The image you've uploaded seems to contain a mathematical expression involving complex numbers. Let me analyze it.

The equation appears to be:

$\text{If} \quad z = x + yi = \frac{a - bi}{c + bi} \quad \text{and} \quad z = x - yi$

You are asked to show that:

$x^2 + y^2 = 1$

Let me proceed with solving this step by step.

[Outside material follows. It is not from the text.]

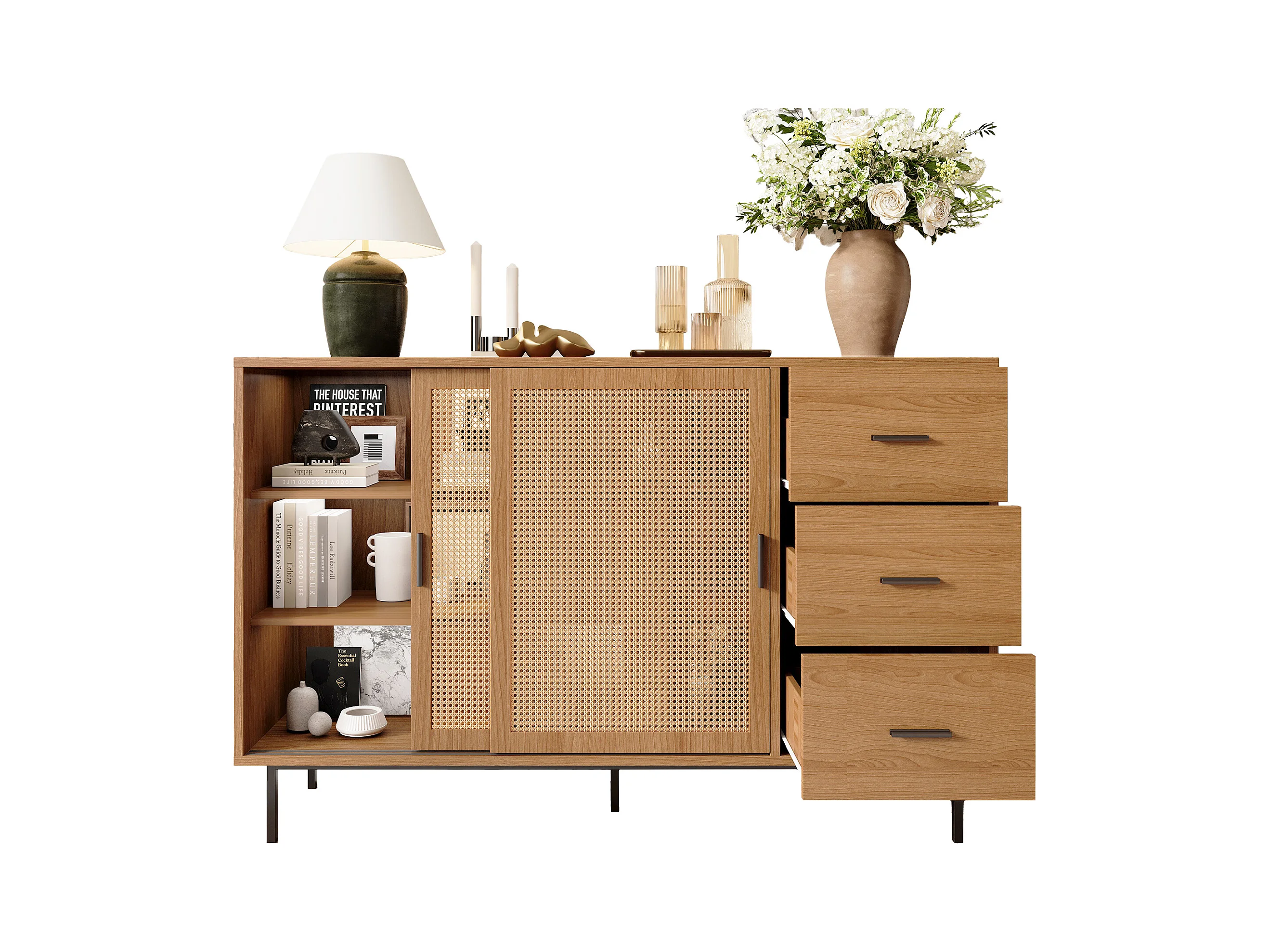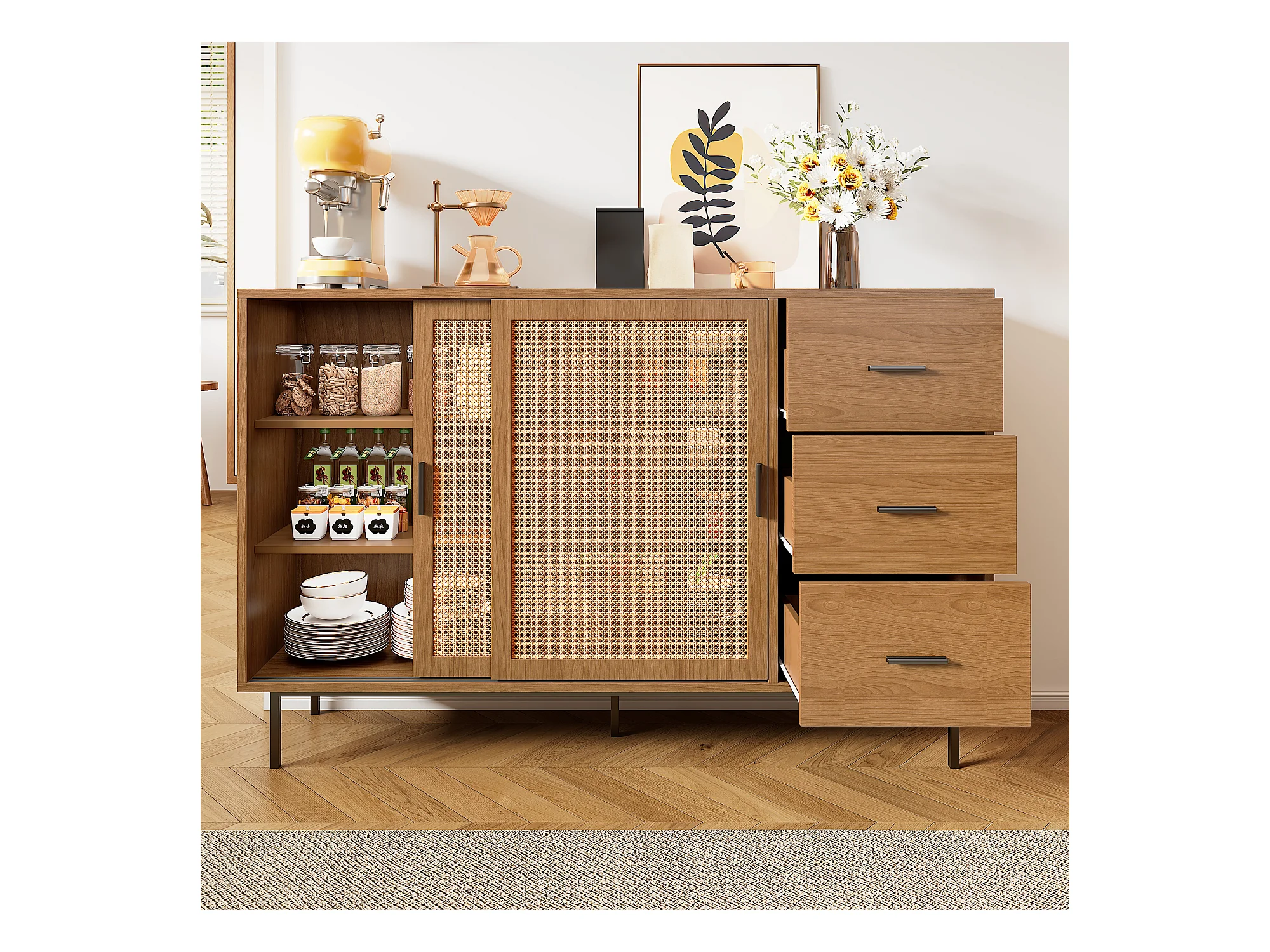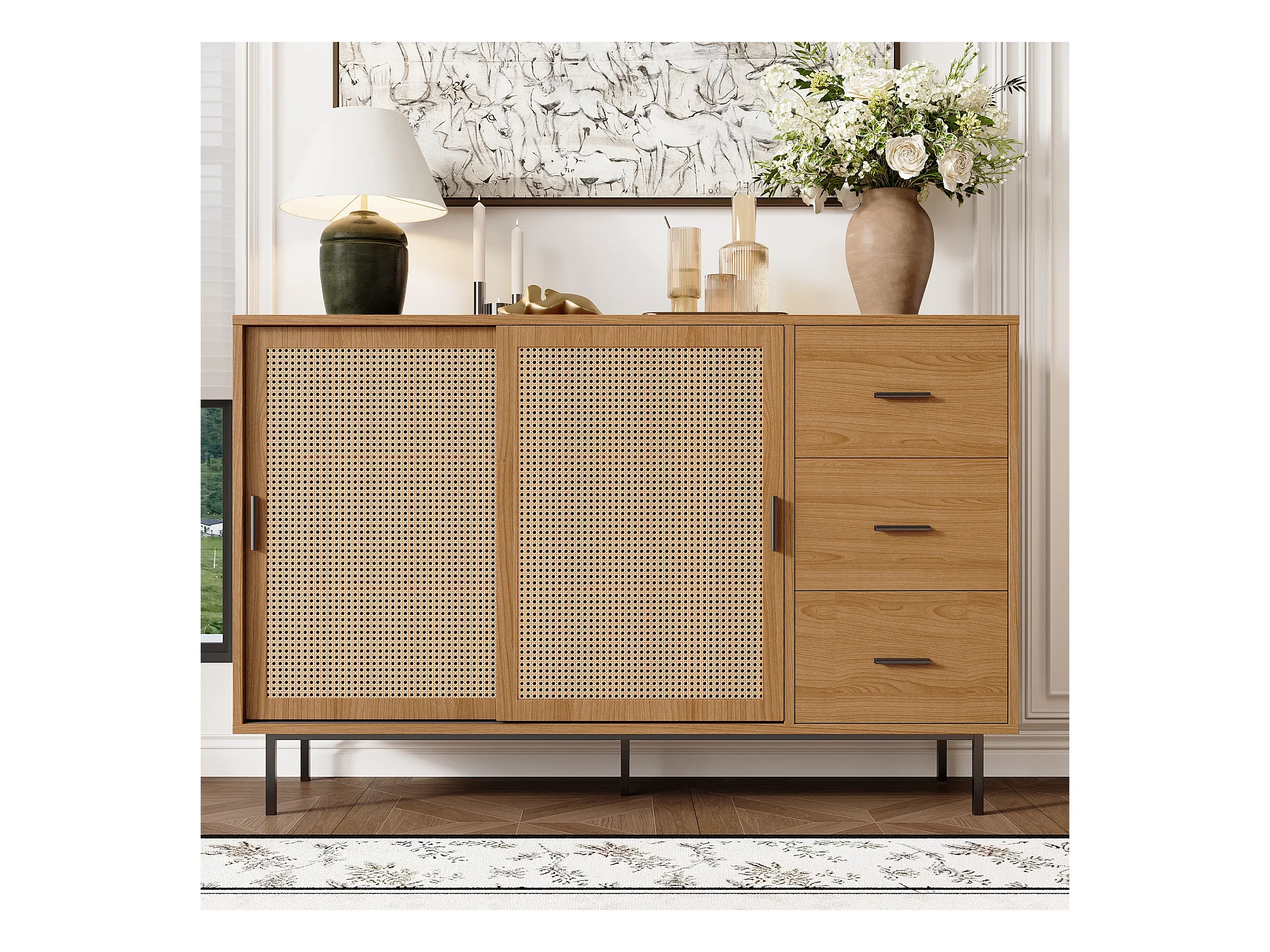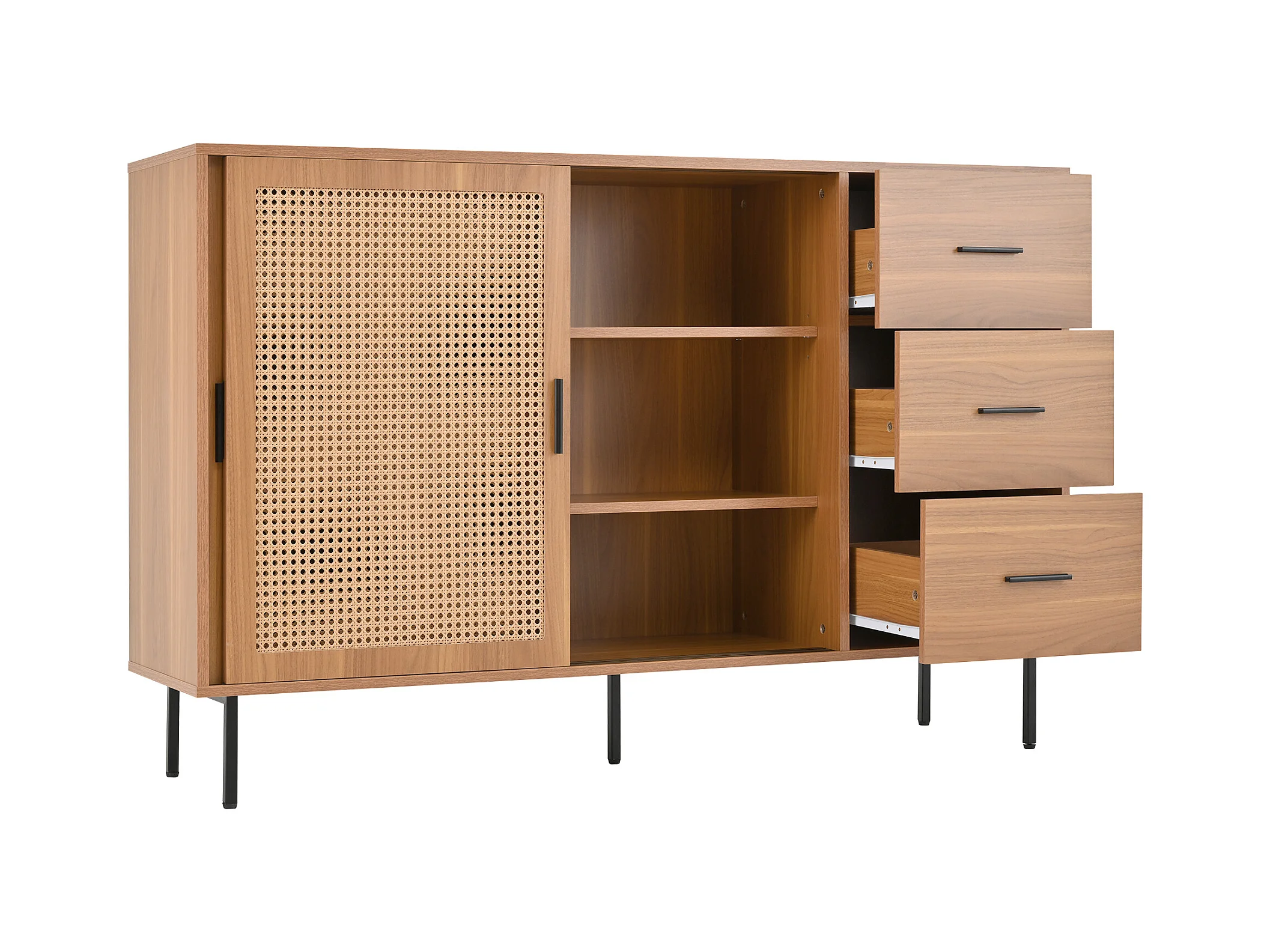 Buffet naturel avec 3 tiroirs et 2 portes en rotin, étagères réglables - poignées et pieds noirs

1. First, express $z = x + yi$ as a complex number.
2. Next, express the right-hand side $\frac{a - bi}{c + bi}$ in a simpler form by multiplying both numerator and denominator by the conjugate of the denominator.
3. Then, equate the real and imaginary parts of both sides of the equation to extract values for $x$ and $y$.

Let me begin this process.### Step 1: Express $z = \frac{a - bi}{c + bi}$

To simplify this complex fraction, we multiply both the numerator and the denominator by the conjugate of the denominator, which is $c - bi$.

$z = \frac{a - bi}{c + bi} \times \frac{c - bi}{c - bi}$

This gives:

$z = \frac{(a - bi)(c - bi)}{(c + bi)(c - bi)}$

Step 2: Simplify the denominator

The denominator is a product of a complex number and its conjugate, which simplifies as follows:

$(c + bi)(c - bi) = c^2 + b^2$

Step 3: Expand the numerator

Now expand the numerator:

$(a - bi)(c - bi) = ac - abi - bci + b^2i^2$

Since $i^2 = -1$, we have:

$ac - abi - bci - b^2$

This simplifies to:

$(ac - b^2) - i(ab + bc)$

Step 4: Combine everything

Thus, we have:

$z = \frac{(ac - b^2) - i(ab + bc)}{c^2 + b^2}$

Now, write $z = x + yi$, so that:

$x + yi = \frac{(ac - b^2)}{c^2 + b^2} - i \cdot \frac{(ab + bc)}{c^2 + b^2}$

By comparing the real and imaginary parts, we obtain:

• $x = \frac{ac - b^2}{c^2 + b^2}$
• $y = \frac{ab + bc}{c^2 + b^2}$

Step 5: Show that $x^2 + y^2 = 1$

Now, let's compute $x^2 + y^2$:

$x^2 + y^2 = \left( \frac{ac - b^2}{c^2 + b^2} \right)^2 + \left( \frac{ab + bc}{c^2 + b^2} \right)^2$

Combine the terms:

$x^2 + y^2 = \frac{(ac - b^2)^2 + (ab + bc)^2}{(c^2 + b^2)^2}$

Expanding the numerator:

$(ac - b^2)^2 = a^2c^2 - 2ab^2c + b^4$ $(ab + bc)^2 = a^2b^2 + 2ab^2c + b^2c^2$

Add them together:

$a^2c^2 - 2ab^2c + b^4 + a^2b^2 + 2ab^2c + b^2c^2$

Simplifying:

$a^2c^2 + b^2c^2 + a^2b^2 + b^4$

This is the same as the expanded form of:

$(c^2 + b^2)^2$

Thus, we get:

$x^2 + y^2 = \frac{(c^2 + b^2)^2}{(c^2 + b^2)^2} = 1$

Conclusion

We have shown that $x^2 + y^2 = 1$, as required.

Let me know if you would like more details or have any further questions. Here are some related questions you might be interested in:

1. How do you find the modulus of a complex number?
2. What is the geometric interpretation of the expression $x^2 + y^2 = 1$ in the complex plane?
3. Can this method be applied to other complex numbers in a similar form?
4. How do you use complex conjugates to simplify expressions involving complex numbers?
5. What is the significance of complex numbers in solving real-world problems?

Tip: When simplifying complex fractions, multiplying by the conjugate of the denominator is often a helpful technique.